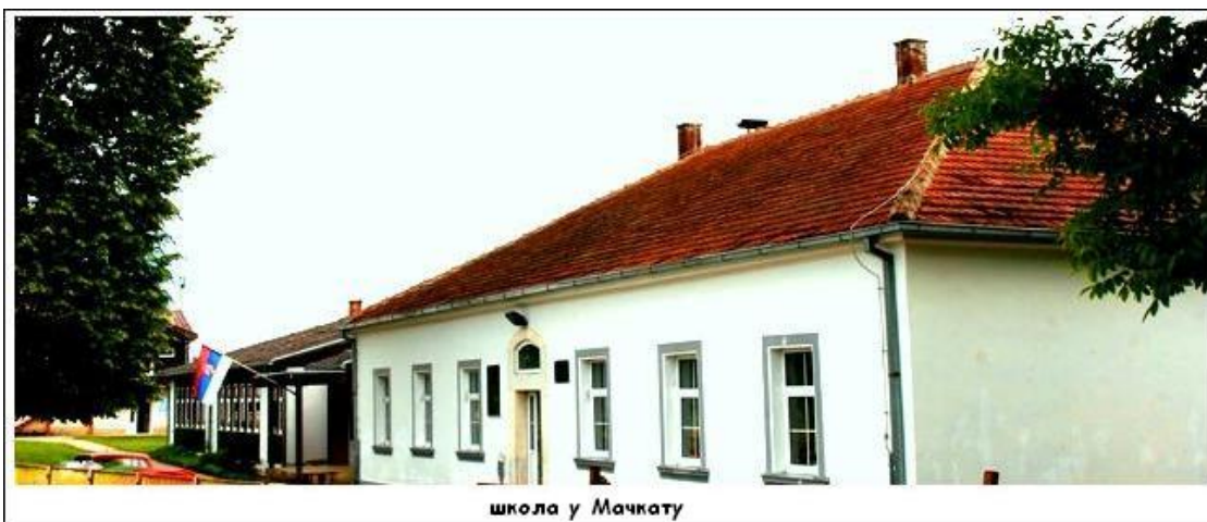
школа у Мачкату

Ова школа једна је од најстаријих у златиборском округу, постоји од 1859. године. Данас у оквиру матичне школе раде још четири издвојена одељења и то осморазредно одељење у Шљивовици и четвороразредна одељења у Кривој Реци и на Горњој Шљивовици. Школу укупно похађа 220 ученика. У школи је запослено 31 радник у настави и 15 радника ненаставног особља. Састав наставног колектива обезбеђује стручно извођење наставе.
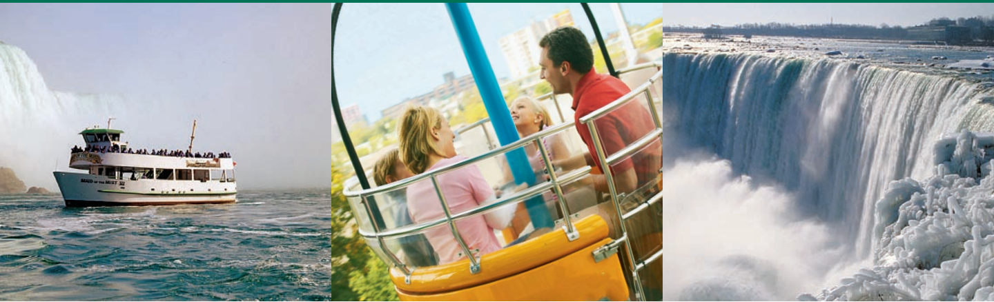
V. l. n. r.: Maid of the Mist, Clifton Hill, Niagarafälle

Niagara Falls • Niagara-on-the-Lake • St. Davids • Jordan • Vineland
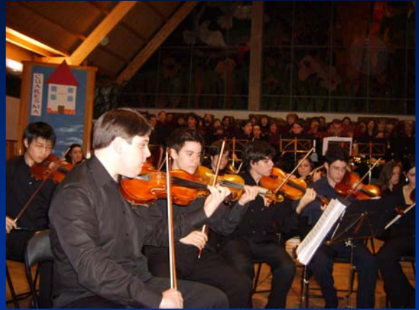
Concierto benéfico. Iglesia Santa M a del Cervellón. Madrid. Diciembre de 2006.

- Han tocado en diversos escenarios de toda España: Auditorio Conservatorio de Getafe, Auditorio de Arroyomolinos, Teatro Cervantes de Campo de Criptana, Auditorio del Conservatorio Superior de Música de Madrid, Teatro Auditorio de San Lorenzo de El Escorial, entre otros.
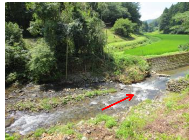
下流から1 全壊箇所
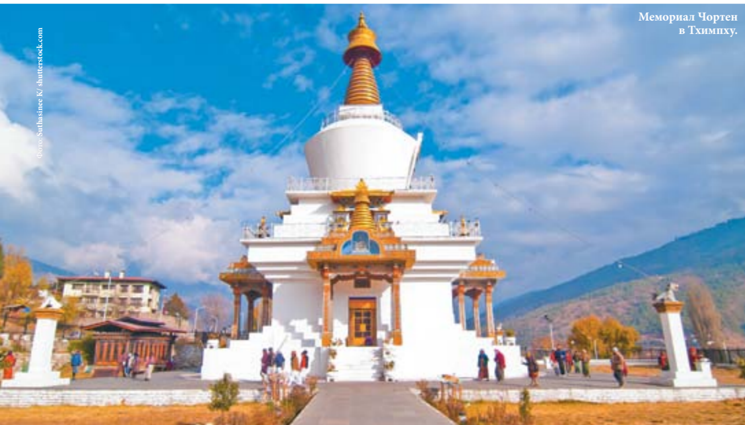
Мемориал Чортен в Тхимпху.
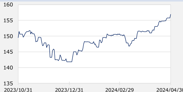
円/アメリカドル（円）
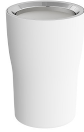
A4430157 Diş fırçalığı
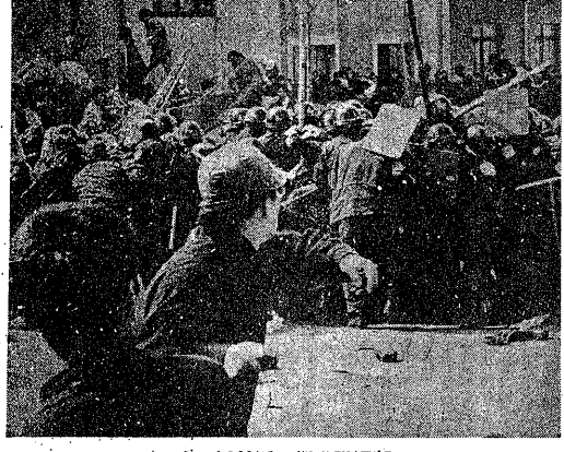
穴守橋付近で機動隊退却

【東京14日電】羽田空港で、全学連、全学連連帯、全国反戦連帯の三団体が、佐藤政権のベトナム反革命戦争介入に巨大な一撃を与え、世界を揺がせた。同日、羽田空港で、全学連、全学連連帯、全国反戦連帯の三団体が、佐藤政権のベトナム反革命戦争介入に巨大な一撃を与え、世界を揺がせた。
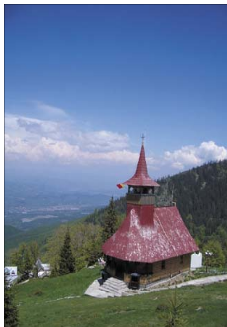
Schitul "Straja" ridicat pe coama vîrfului cu același nume, de către o mână de localnici ai Văii Jiului.

spune acum nepoților, cu un reînoit realism, căci tot ceea ce ele povestesc într-un grai arhaic, pastoral, este atât de asemănător cu realitatea pe care el o trăiește zi de zi. Și nu poate fi nimic neadevărat în aceste nestemate spirituale, atîta vreme cît, la acest ceas de secol 21, Baciul, la fel ca bunul lui și la fel ca vitejii lui strămoși, încă mai tunde oile, cosește fânul, pune brînză în putini, taie porcul în ajun și apoi moșește mieii, după care din nou tunde oile, și asta în timp ce își crește pruncii și mai ales, smerit, nu uită să îi mulțumească lui Dumnezeu.
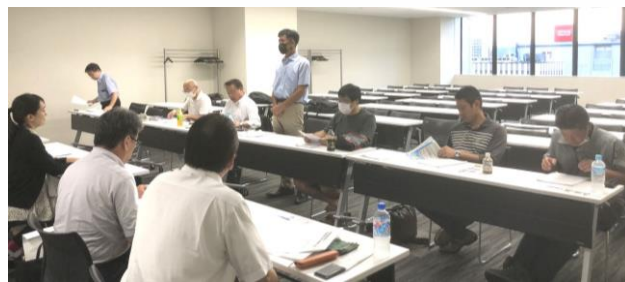
各地域の情勢について議論を交わす

八月四日、午後六時から府中駅前『市民活動センタープラッツ』にて、推薦議員等六名と、支部から九名の合計十五名で懇談会を開
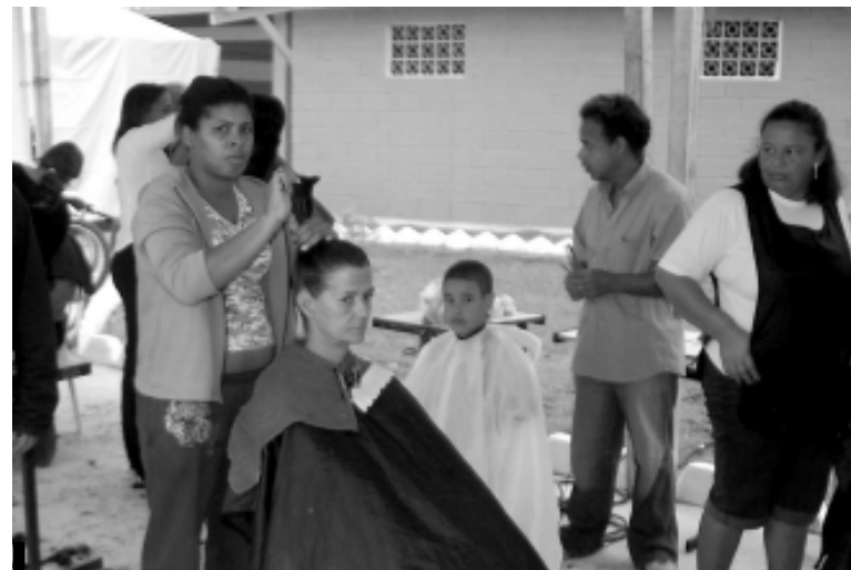
O balanço final do mutirão encerrado na quinta-feira (21) demonstrou um saldo positivo

ministração Municipal, a 3ª edição do programa teve sua meta atingida. "Estamos muito satisfeitos com a repercussão positiva que o programa está tendo junto aos bairros contemplados. Isso se deve, principalmente, a possibilidade de obterem serviços essenciais perto de casa e gratuitamente".
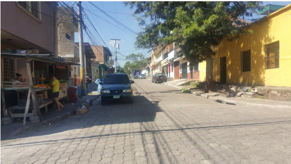
Panorama de calle a pavimentar
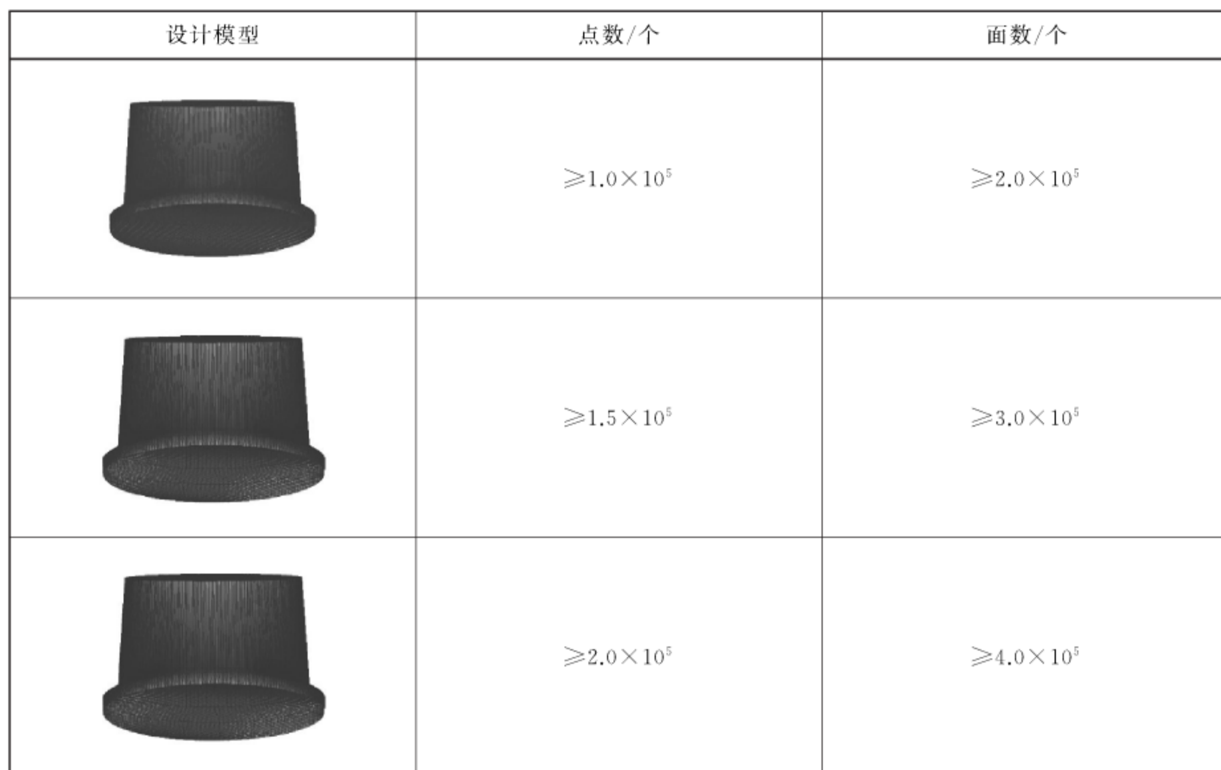
表 A.1 离散化标准预备体模型要求
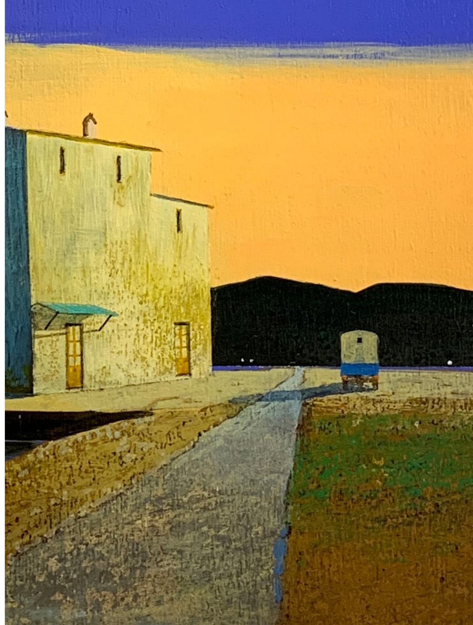
Quasi certo Olio su tavola / Oil on wood Cm. 60x60, 2019
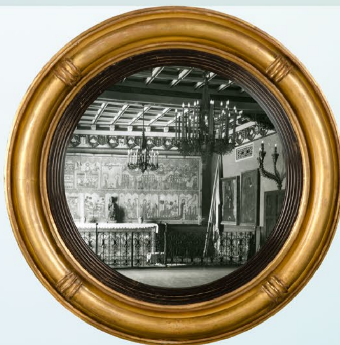
Sala dels Retaules de Maricel, 1918
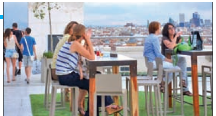
Terraza del Círculo de Bellas Artes

gares de altura (Círculo de Bellas Artes) y las entrañables terrazas de barrio, como La Cruz Blanca de Vallecas. Todas pugnarán por hacerse con el favor del gran público.
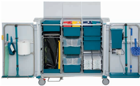
80975 KeyCar Medium SA
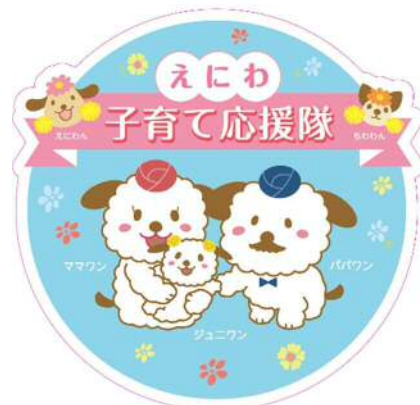
えにわ子育て応援隊協賛店舗の目印となるステッカー
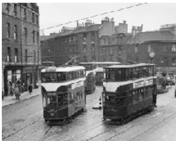
Anciens tramways / Old trams, Tollcross, Edimbourg

Professor would have liked that. He had a quiet admiration for the old trams. He also liked the colours of advertisements and shops. They were not quite the art of the art schools and he knew he was not supposed to like them. He was after all an active member of the Cockburn Society which was busy trying to protect the taste and appearance of the city. I have seen what he wrote about those trams. Your business, he would say, 'is not to think but to see'.
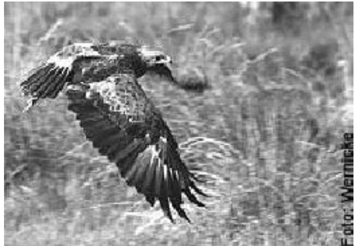
Schreiadler im Flug

Nun stellte sich heraus, dass das gesamte Eignungsgebiet im sogenannten Restriktionsgebiet (Zone zwischen 3.000–6.000 m um einen Horst) zweier Horststandorte des Schreiadlers liegt. Ein Fünftel des Windeignungsgebietes, in dem keine Anlage in Planung ist, liegt sogar im sogenannten Tabubereich (0–3.000 m um

[What you are asked to do]:
Locate the string "Artes" in the listing above and copy every line where it occurs.

[Exercise output]:
Terraza del Círculo de Bellas Artes
gares de altura (Círculo de Bellas Artes) y las entrañables terrazas de barrio, como La Cruz Blanca de Vallecas. Todas pugnarán por hacerse con el favor del gran público.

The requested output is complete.